India: With close to 20% of worlds population, more than half a million villages, a 73% rural population country still have about 50 cities over a million population and 3 megacities over 10 million people...
India is a huge country with slow roads and trains, can take years to discover.
Less than 1 million tourist, mainly young backpakers, used to visit this complicated-burocracy country.
As you can imagine, the amount of tourist and backpakers spots are really limitated, and use to atract 99% of the foreigners in India.
One can be surrounded by thousands or hundreds of travellers, while in the next village none can be seeing.
Many travellers I have met use to tell me the first day in India they want to be "alone" and discover the "real india", I start to smile... After a week I discover them stuck in one of the backpakers town with no intentions of moving at all, and chating all day and night just into the travellers world.

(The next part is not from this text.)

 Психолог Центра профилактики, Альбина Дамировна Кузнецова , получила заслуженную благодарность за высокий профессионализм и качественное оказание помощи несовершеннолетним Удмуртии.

It is actually what old travellers used to do in the old times when arriving to a new country for first time. Staying in a backpakers town was vital and crucial to get new fresh real information about the country and the places to visit. Just a dirty second hand small travelers guide, and a not always acurate map was our only source of not enough information.
Today with Lp and internet the new comer traveler arrive to India planning amazing exotic tours out of any logic, due to the dimensions and slow transports in the country.
So...
Once upon a time, a hippy bunch of people used to travel in and incredible journey from europe crossing all midle east to India.

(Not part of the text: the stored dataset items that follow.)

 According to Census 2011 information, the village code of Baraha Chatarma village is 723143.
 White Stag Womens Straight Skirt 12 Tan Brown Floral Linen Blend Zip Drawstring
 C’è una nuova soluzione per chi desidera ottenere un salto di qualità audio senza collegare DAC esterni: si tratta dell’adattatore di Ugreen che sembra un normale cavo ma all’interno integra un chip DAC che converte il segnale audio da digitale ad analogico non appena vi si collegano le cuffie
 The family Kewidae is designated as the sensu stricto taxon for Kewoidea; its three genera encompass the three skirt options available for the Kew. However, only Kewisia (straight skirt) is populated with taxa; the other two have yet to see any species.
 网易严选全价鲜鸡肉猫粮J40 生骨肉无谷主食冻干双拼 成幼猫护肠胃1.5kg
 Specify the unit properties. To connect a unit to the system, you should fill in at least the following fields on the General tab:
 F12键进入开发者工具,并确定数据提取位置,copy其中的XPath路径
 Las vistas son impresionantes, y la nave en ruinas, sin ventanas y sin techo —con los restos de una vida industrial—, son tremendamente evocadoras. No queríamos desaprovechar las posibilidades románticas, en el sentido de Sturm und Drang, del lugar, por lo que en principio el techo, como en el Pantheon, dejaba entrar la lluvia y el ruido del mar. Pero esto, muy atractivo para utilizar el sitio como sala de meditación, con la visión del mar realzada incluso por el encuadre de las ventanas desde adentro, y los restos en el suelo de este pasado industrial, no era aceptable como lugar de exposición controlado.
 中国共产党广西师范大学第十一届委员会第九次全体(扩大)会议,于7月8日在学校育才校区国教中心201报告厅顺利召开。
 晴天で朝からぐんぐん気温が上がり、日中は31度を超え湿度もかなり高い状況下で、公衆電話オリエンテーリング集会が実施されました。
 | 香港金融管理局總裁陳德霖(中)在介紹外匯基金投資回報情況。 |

It was easy borders to cross with no need of visas through turkey, iran, afgan, pakistan and then arriving to India and Nepal. They used to buy old cars or trucks and do the one way journey.

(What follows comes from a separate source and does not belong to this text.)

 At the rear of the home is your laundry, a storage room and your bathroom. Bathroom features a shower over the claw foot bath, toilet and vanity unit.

Don´t miss that times, as the hippy route is now politicaly difficult with months of waiting difficult visas.
And once inside India what this hippy young full life people use to do and visit: as they were tired of amazing travelling in India they used to search for a couple of spots to rest and enjoy easy natural life and sadly drugs.
As India is so big, climate use to be very different from north to south, so the travellers used to make their summer head quarters and their winter one, with some stops in the midle during the "migration".
Winter used to be spent in the beaches of Goa, while summer time was a perfect time to stay in the fresher Cachemir forested Himalayas.
In between India was offering so many jewels.
And this is the origing of the todays travelers north-south route.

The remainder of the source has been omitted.